= Charles Morrison (cricketer) =

West Indian cricketer

Charles Morrison in 1906

Charles Stuart Morrison (27 May 1883 in Jamaica – 25 November 1948 in Kingston, Jamaica) was a West Indian cricketer who toured with the second West Indian touring side to England in 1906. He was a right-handed batsman and a slow medium bowler.

He made his debut in important cricket for Jamaica against Lord Brackley's team in 1904-05 and was even chosen for the combined West Indies team for the match in Trinidad. He also played for the Jamaican side that played in Trinidad in August 1905. Jamaica performed badly but Morrison himself performed creditably and was selected as one of the two Jamaican for the forthcoming tour of England.

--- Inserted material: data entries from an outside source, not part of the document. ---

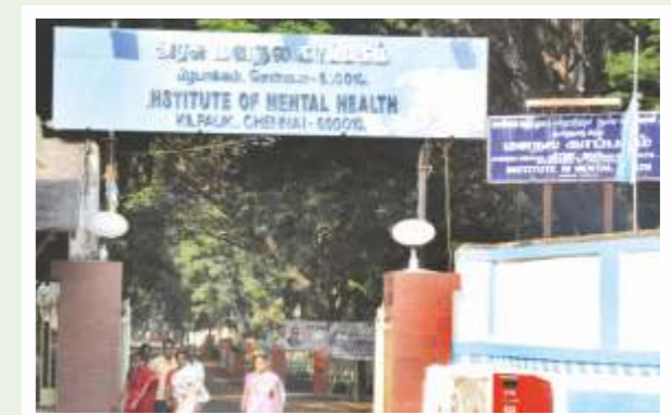
INSTITUTE OF MENTAL HEALTH, CHENNAI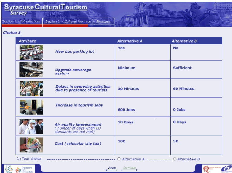
Fig 4 : Example of Resident's choice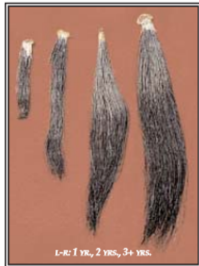
L-R: 1 yr., 2 yrs., 3+ yrs.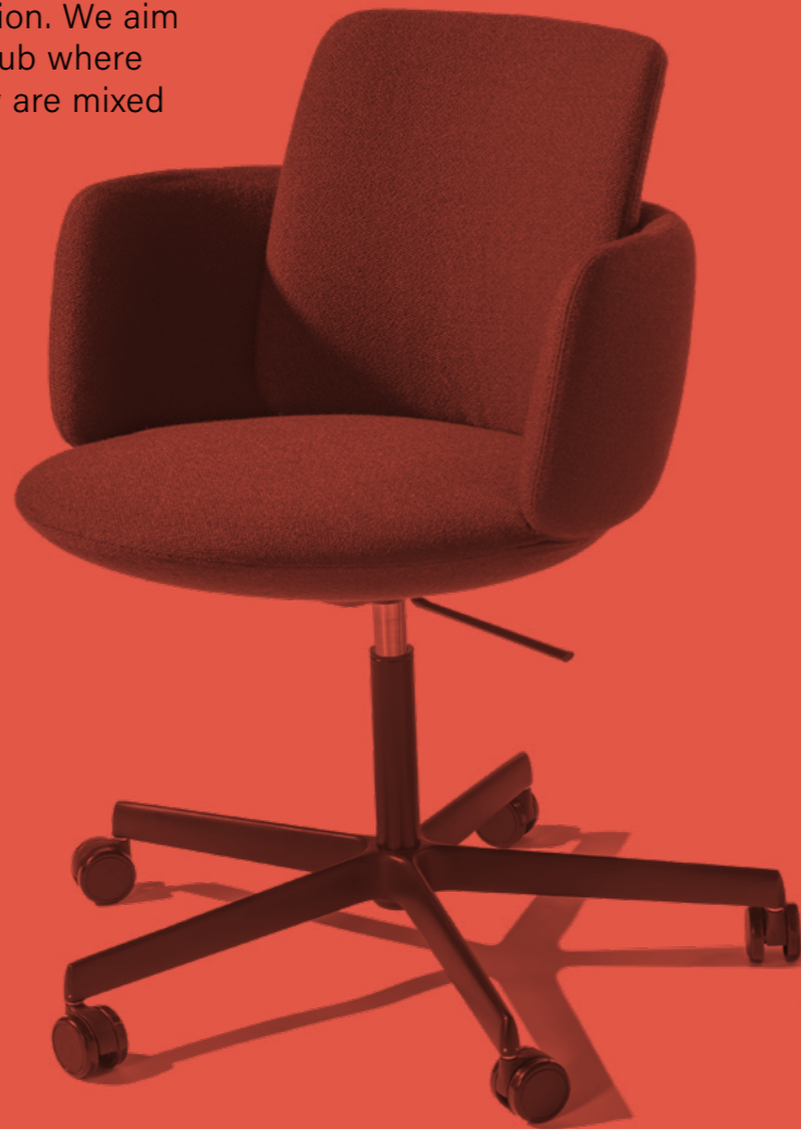
↗ Cuscini Work

Every visionary architectural project stems from essential design research: for us, it starts by building solid foundations to support the poetry of design. Our goal is to revitalize a brand with a rich product history. We are excited about this journey, starting with the new products you'll see here, our enlarged staff, and our new headquarters, which since January '24 has hosted all our resources and will hopefully shape our vision. We aim to create an inclusive hub where creativity and humanity are mixed to create products, relationships, and projects, defining the future poetry of maxdesign.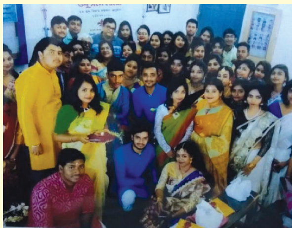
Basanto Utsav at the department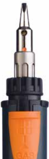
ProPiezo 75 with 3/32" (2.4mm) df tip

ProPiezo 75 fitted with: 1/32" (1.0mm) df tip, 3/32" (2.4mm) df tip, 1/8" (3.2mm) df tip, 3/16" (4.8mm) df tip, hot air blower & deflector, hot knife, flame tip, cleaning sponge, stand, storage case and instructions.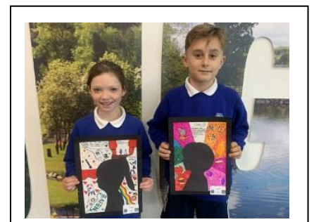
Biggar Little Festival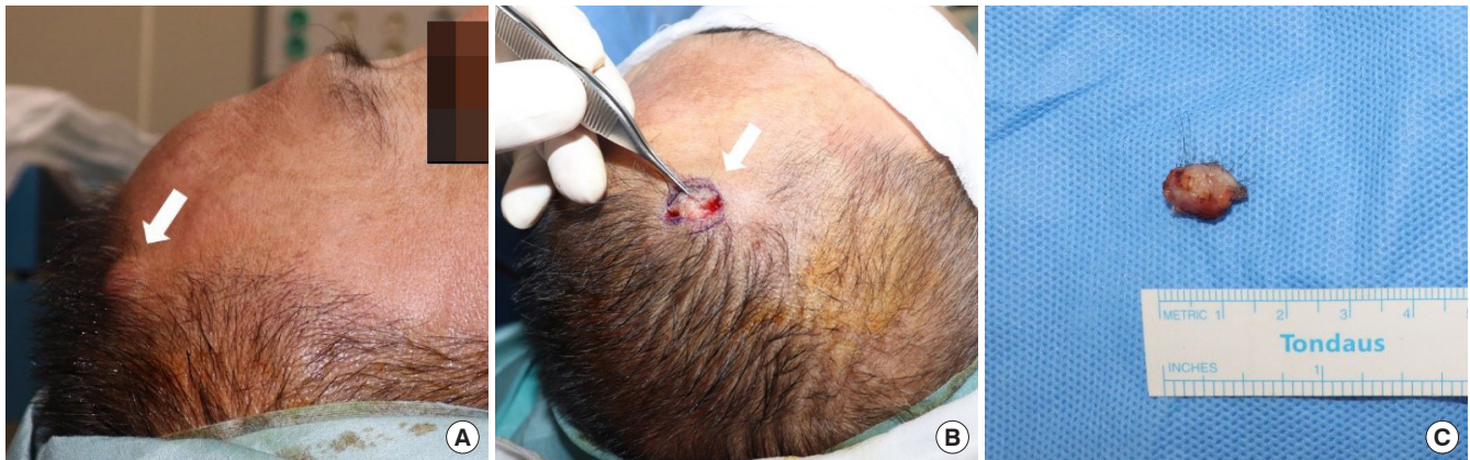
Fig. 1. A 1 cm-sized nodule (white arrow) attached to the frontalis muscle. (A) Preoperative photograph. (B) Intraoperative photograph. (C) Photograph of the specimen.

the temporal scalp just above the hairline (Fig. 1A). The suspected diagnoses included epidermal cyst, lipoma, or other benign neoplasms, and a further differential diagnosis was deemed necessary. Excision and biopsy were performed for an accurate diagnosis and treatment. The incision line was designed with a 5-mm free margin from the mass. After dissecting the skin and soft tissue, an irregularly shaped mass with heterogeneous high vascularity attached to the frontalis muscle was observed (Fig. 1B and C). The mass was completely removed without any remnant tissue, and the skin was sutured. Microscopic findings of the scalp mass revealed tubular structures lined by mucin-secreting columnar epithelium in the dermis, consistent with metastatic adenocarcinoma (Fig. 2).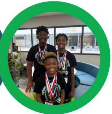
Expanding summer programs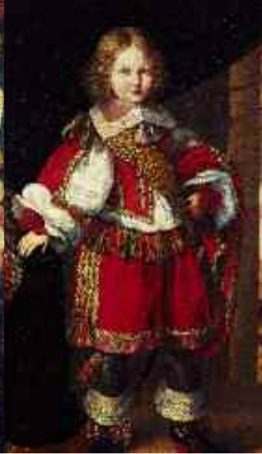
Margrave Christian Ernst, 1657 (left); Hans von Kulmbach, rosary picture, c. 1516/18 (middle)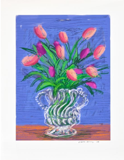
David Hockney A Bigger Book. Art Edition No. 251–500 'Untitled, 346', 2010/2016 Estimate: £15,000 – 20,000 Phillips' David Hockney Auction

A Special Showcase of Hockney's Iconic Works On View at Phillips in Paris from 7 to 18 April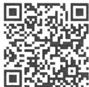
Our Lady of Mercy VANCO QR Code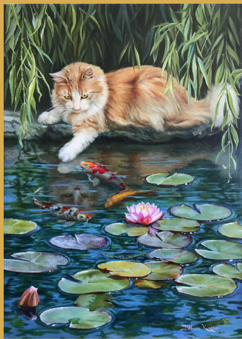
The Encounter 24 x 18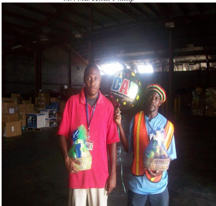
Facility II Fathers!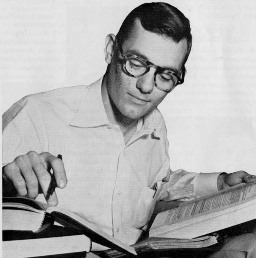
"OF HUMAN BONDAGE." There is always the student who ruins everybody's good time by resorting to his studies. Such students make classroom survival a nervous series of rationalized risks for . . . "The Informer." These comrades rely upon concealment of communications and the good neighborhood policy to aid them in their search for educational betterment.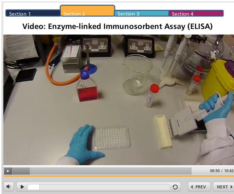
Figure 1. Screenshot from the ELISA video.

The main purpose of the video was to demonstrate the immunoassay technique to students. To enable active listening and to encourage students to refer to the content of the theoretical material, an interactive exercise in the form of a question appeared automatically at 6 minutes 57 seconds. This question appeared at the same time as a verbal prompt from the academic. The learner was required to answer the question correctly in order to proceed with watching the video. This interactive element of the video was created using Articulate Storyline software. The multiple choice question asked learners to identify what type of ELISA was being performed and offered four options as shown in Figure 2. When students clicked the (correct) Indirect Elisa option, the video continued and the audio narration confirmed the right answer.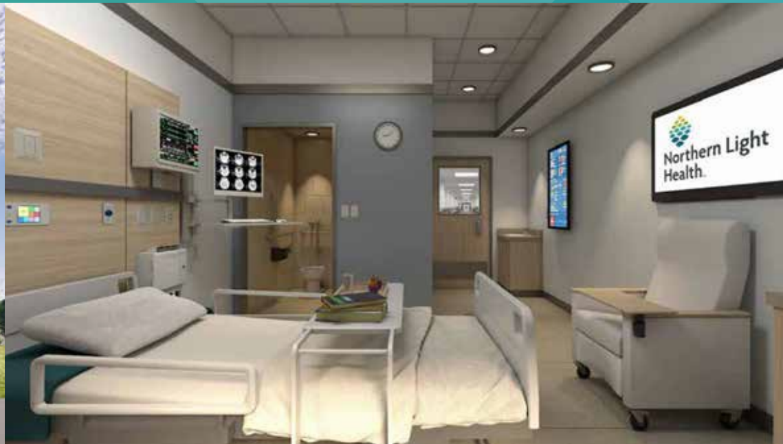
Patient room view (conceptual rendering)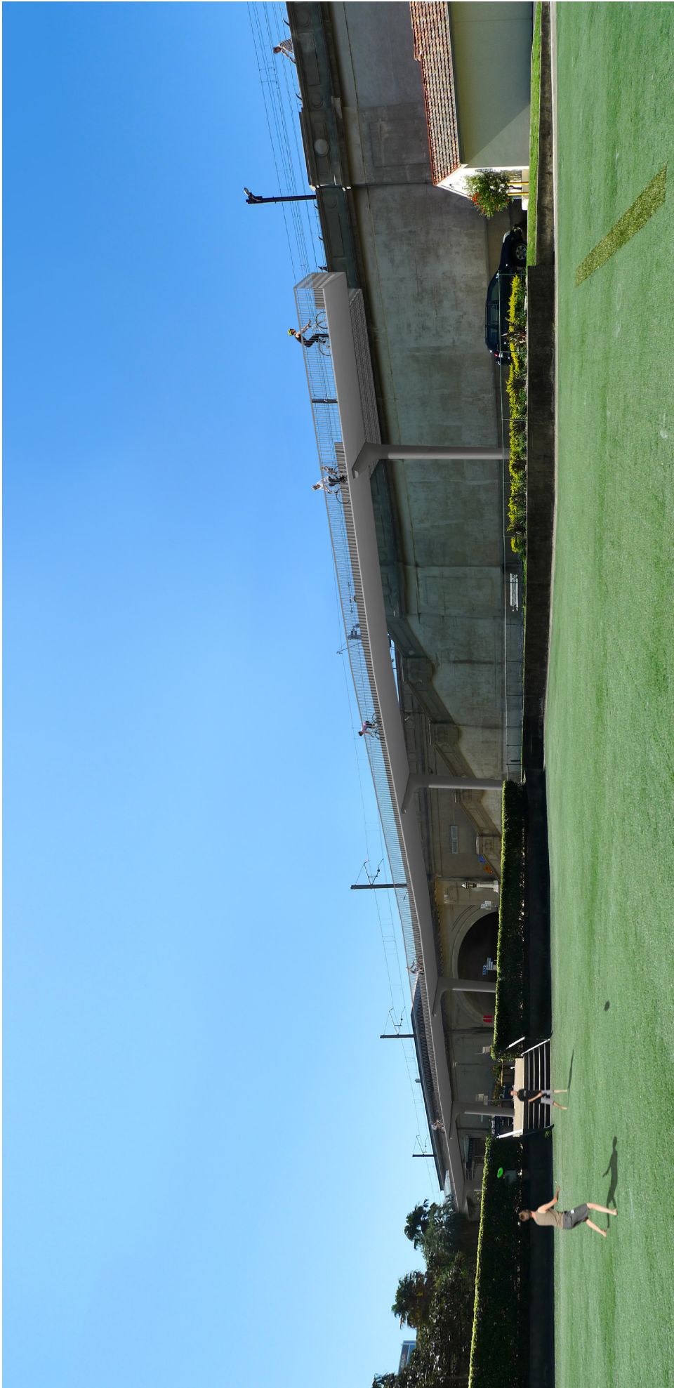
Figure B8: Structural Option 5 Torsion Beam - View from Bowling Green

Before the tour he was described thus: "Considered a good bowler, and is a likely all-rounder". He was a disappointment on this 1906 tour averaging just 6.5 with the bat and taking just 14 wickets at an average of 14.5 in the first class matches. He did in fact have some success in a couple of early minor matches taking 8-101 in the match against Lord Brackley's West Indian XI and 5 more wickets in the next match against the Minor Counties XI. Thereafter he played irregularly and was only lightly bowled.

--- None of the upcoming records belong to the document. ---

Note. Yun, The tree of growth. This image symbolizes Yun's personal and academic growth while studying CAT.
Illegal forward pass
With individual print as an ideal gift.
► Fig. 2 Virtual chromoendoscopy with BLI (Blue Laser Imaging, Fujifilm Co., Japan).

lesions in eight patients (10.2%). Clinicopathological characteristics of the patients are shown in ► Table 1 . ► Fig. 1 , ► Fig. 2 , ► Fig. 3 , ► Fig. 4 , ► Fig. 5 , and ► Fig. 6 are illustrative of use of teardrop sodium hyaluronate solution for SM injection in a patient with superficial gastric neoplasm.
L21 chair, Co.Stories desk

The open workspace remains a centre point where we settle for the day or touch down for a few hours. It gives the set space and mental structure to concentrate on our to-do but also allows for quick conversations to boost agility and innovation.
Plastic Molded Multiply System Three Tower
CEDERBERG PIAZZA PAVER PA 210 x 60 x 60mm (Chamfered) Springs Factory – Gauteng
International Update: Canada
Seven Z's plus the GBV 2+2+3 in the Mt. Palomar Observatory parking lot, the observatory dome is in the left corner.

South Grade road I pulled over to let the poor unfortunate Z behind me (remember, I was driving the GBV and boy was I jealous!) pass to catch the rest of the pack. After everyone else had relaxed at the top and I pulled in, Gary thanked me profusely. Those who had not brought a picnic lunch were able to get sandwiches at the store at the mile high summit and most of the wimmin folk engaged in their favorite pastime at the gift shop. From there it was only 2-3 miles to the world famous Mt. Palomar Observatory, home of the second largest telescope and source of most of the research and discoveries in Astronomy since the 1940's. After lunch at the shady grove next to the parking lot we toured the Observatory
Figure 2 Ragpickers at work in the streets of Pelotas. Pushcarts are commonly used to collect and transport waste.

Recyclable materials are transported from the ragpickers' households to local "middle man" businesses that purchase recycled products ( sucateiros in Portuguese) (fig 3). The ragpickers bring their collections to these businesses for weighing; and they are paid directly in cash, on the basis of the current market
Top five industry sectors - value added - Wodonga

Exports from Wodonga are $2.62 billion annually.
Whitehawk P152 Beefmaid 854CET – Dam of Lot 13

He played against the Philadelphian team that played in Jamaica in 1908-09, taking 11 wickets in the first of the three matches. He also played for Jamaica in their three matches against the 1910-11 English tourists. In 1913 'Cricket', referring to Jamaican cricket, recorded that "Probably C.S. Morrison is the best bowler the side ever had".

Remarkably he also played against the English tourists that played in the West Indies in 1925-26, when he captained Jamaica in their first two matches at the age 42. There had been no first class cricket played in Jamaica between these two tours.